Here it is rinsed and dried after removing from the salt. The meat has darkened substantially!













IMG_2009.JPG



__ shyzabrau
__ Jun 23, 2017






I didn't have any butcher's twine, so I just wrapped in such a way that I could tie a knot in the cheese cloth. 













IMG_2012.JPG



__ shyzabrau
__ Jun 23, 2017






They are now hanging in my glassware/fermenter cabinet in the basement (70* F). I just used tie-wraps...













IMG_2013.JPG



__ shyzabrau
__ Jun 23, 2017






Now to wait a week...


----------



## atomicsmoke (Jun 23, 2017)

Isn't 70F a tad high for drying these?


----------



## shyzabrau (Jun 23, 2017)

atomicsmoke said:


> Isn't 70F a tad high for drying these?


Ruhman says 50* - 60* is optimal, but I don't have a place that cool. (Or that warm...)


----------



## atomicsmoke (Jun 23, 2017)

Shyzabrau said:


> Ruhman says 50* - 60* is optimal, but I don't have a place that cool. (Or that warm...)

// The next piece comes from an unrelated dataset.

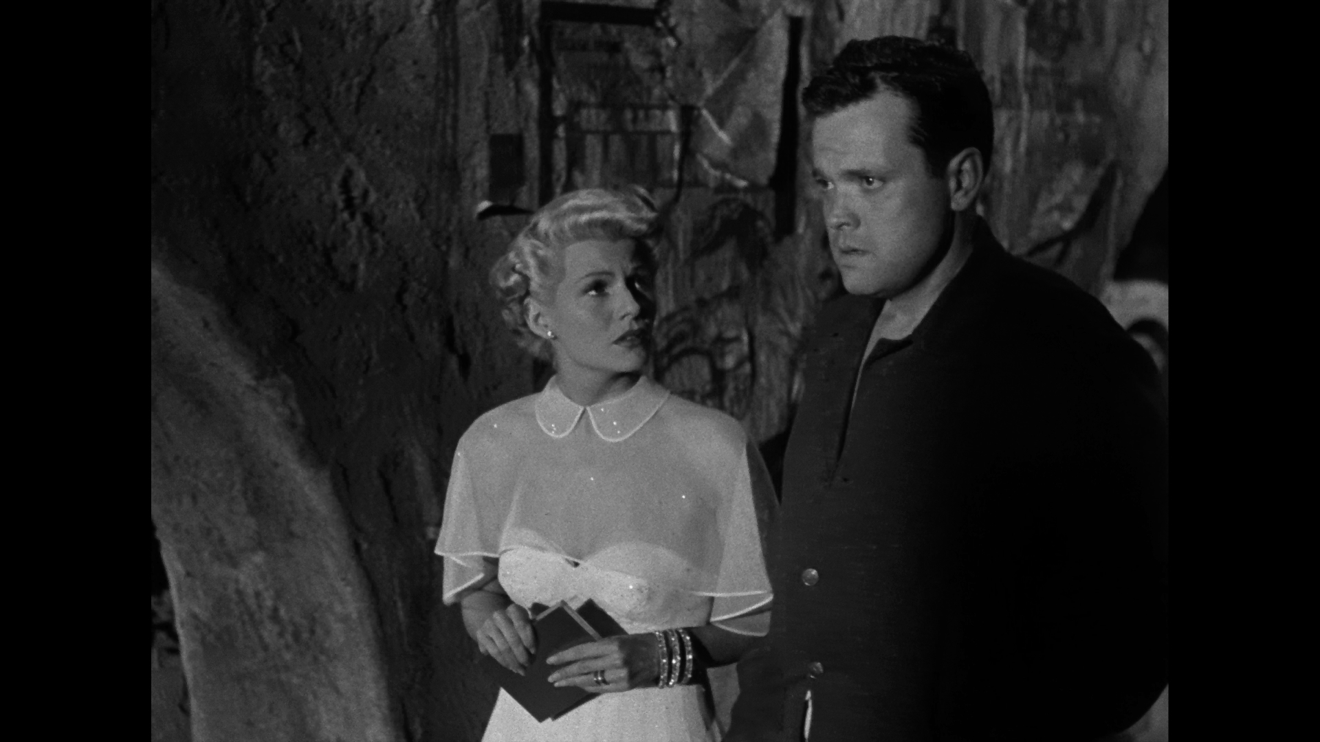 paltry bit rate, and generally weak appearance, not to mention a lossy Dolby Digital track. That edition contained one extra from the general 2000 DVD edition, an audio commentary by Peter Bogdanovich (your mileage will vary on this one depending how much of a tolerance you have for his usual "I was good friends with Orson Welles" routine) and dropping a 20-minute Bogdanovich interview that covered most of the same ground. New to the first TCM edition are an intro by the late Robert Osborne, a half-hour Noir.net podcast, separate stills and poster galleries, production and publicity photos, and talent bios and TCM articles. An advertised "comments" feature by film noir expert Eddie Muller also failed to materialize. Complaints about that release led to a TCM reissue six months later, featuring a superior and significantly darker presentation with a Dolby TruHD track and much better encoding -- not to mention that elusive Eddie Muller material, which is chopped up into three new featurettes ("An Epic Noir Poem," "Back Story," and "It's Film Noir Distilled"), all up to his usual high standards. (Not surprisingly, he went on to become a regular film noir host on TCM in 2017.)

I would rather dry it in the fridge.


----------



## shyzabrau (Jul 9, 2017)

Well, I let it go an extra week just to firm it up some more.

It is a bit saltier than I expected, but the flavor is wonderful. I need to slice it thinner. Maybe I'll try it on my crappy LEM slicer...













IMG_2156.JPG



__ shyzabrau
__ Jul 9, 2017






As you can see, the outermost part of the meat is nearly jerky, but it is not too chewy. I'm going to let the other breast go another week and see how the flavor changes...


----------



## atomicsmoke (Jul 9, 2017)

Looks good. If there is one charcuterie dish everyone loves is this. 

It's saltier than what a cold cut should be or just saltier than your everyday dishes?

I advise against further drying. I actually pull mine earlier than you did. 

If you want same meat consistency throughout tie up breasts in pairs. It will take much longer to dry though.


----------



## shyzabrau (Jul 9, 2017)

atomicsmoke said:


> Looks good. If there is one charcuterie dish everyone loves is this.
> 
> It's saltier than what a cold cut should be or just saltier than your everyday dishes?
> 
> ...


I like the saltiness, but a couple of my guests commented on it. I left it in the salt for two days instead of one like recommended in Charcuterie.


----------